FirstEnergy companies also are defending four separate complaint cases before the PUCO relating to the August 14, 2003 power outages. Two of those cases were originally filed in Ohio State courts but were subsequently dismissed for lack of subject matter jurisdiction and further appeals were unsuccessful. In these cases the individual complainants—three in one case and four in the other—sought to represent others as part of a class action. The PUCO dismissed the class allegations, stating that its rules of practice do not provide for class action complaints. Two other pending PUCO complaint cases were filed by various insurance carriers either in their own name as subrogees or in the name of their insured. In each of these cases, the carrier seeks reimbursement from various FirstEnergy companies (and, in one case, from PJM, MISO and American Electric Power Company, Inc., as well) for claims paid to insureds for damages allegedly arising as a result of the loss of power on August 14, 2003. A fifth case in which a carrier sought reimbursement for claims paid to insureds was voluntarily dismissed by the claimant in April 2007. A sixth case involving the claim of a non-customer seeking reimbursement for losses incurred when its store was burglarized on August 14, 2003 was dismissed. The four cases were consolidated for hearing by the PUCO in an order dated March 7, 2006. In that order the PUCO also limited the litigation to service-related claims by customers of the Ohio operating companies; dismissed FirstEnergy as a defendant; and ruled that the U.S.-Canada Power System Outage Task Force Report was not admissible into evidence. In response to a motion for rehearing filed by one of the claimants, the PUCO ruled on April 26, 2006 that the insurance company claimants, as insurers, may prosecute their claims in their name so long as they also identify the underlying insured entities and the Ohio utilities that provide their service. The PUCO denied all other motions for rehearing. The plaintiffs in each case have since filed amended complaints and the named FirstEnergy companies have answered and also have filed a motion to dismiss each action. On September 27, 2006, the PUCO dismissed certain parties and claims and otherwise ordered the complaints to go forward to hearing. The cases have been set for hearing on January 8, 2008.

113



On October 10, 2006, various insurance carriers refiled a complaint in Cuyahoga County Common Pleas Court seeking reimbursement for claims paid to numerous insureds who allegedly suffered losses as a result of the August 14, 2003 outages. All of the insureds appear to be non-customers. The plaintiff insurance companies are the same claimants in one of the pending PUCO cases. FirstEnergy, the Ohio Companies and Penn were served on October 27, 2006. On January 18, 2007, the Court granted the Companies’ motion to dismiss the case. It is unknown whether or not the matter will be further appealed. No estimate of potential liability is available for any of these cases.

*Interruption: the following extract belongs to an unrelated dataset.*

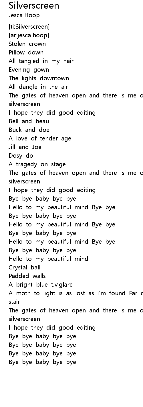 Hello to my beautiful mind Bye bye |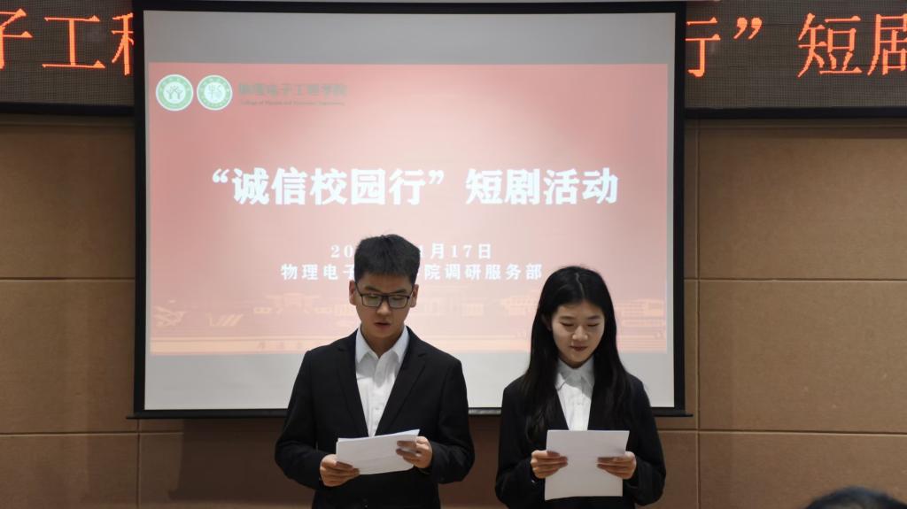为加强校园诚信文化建设,推进国家助学贷款工作的健康发展。11月17日,公司于理科楼402会议室举办“诚信校园行”短剧比赛。本次活动由员工会主席团成员担任评委,牛鑫帅和范宇丹担任主持人,2023级与2024级员工积极参加。

FirstEnergy was also named, along with several other entities, in a complaint in New Jersey State Court. The allegations against FirstEnergy were based, in part, on an alleged failure to protect the citizens of Jersey City from an electrical power outage. None of FirstEnergy’s subsidiaries serve customers in Jersey City. A responsive pleading has been filed. On April 28, 2006, the Court granted FirstEnergy's motion to dismiss. The plaintiff has not appealed.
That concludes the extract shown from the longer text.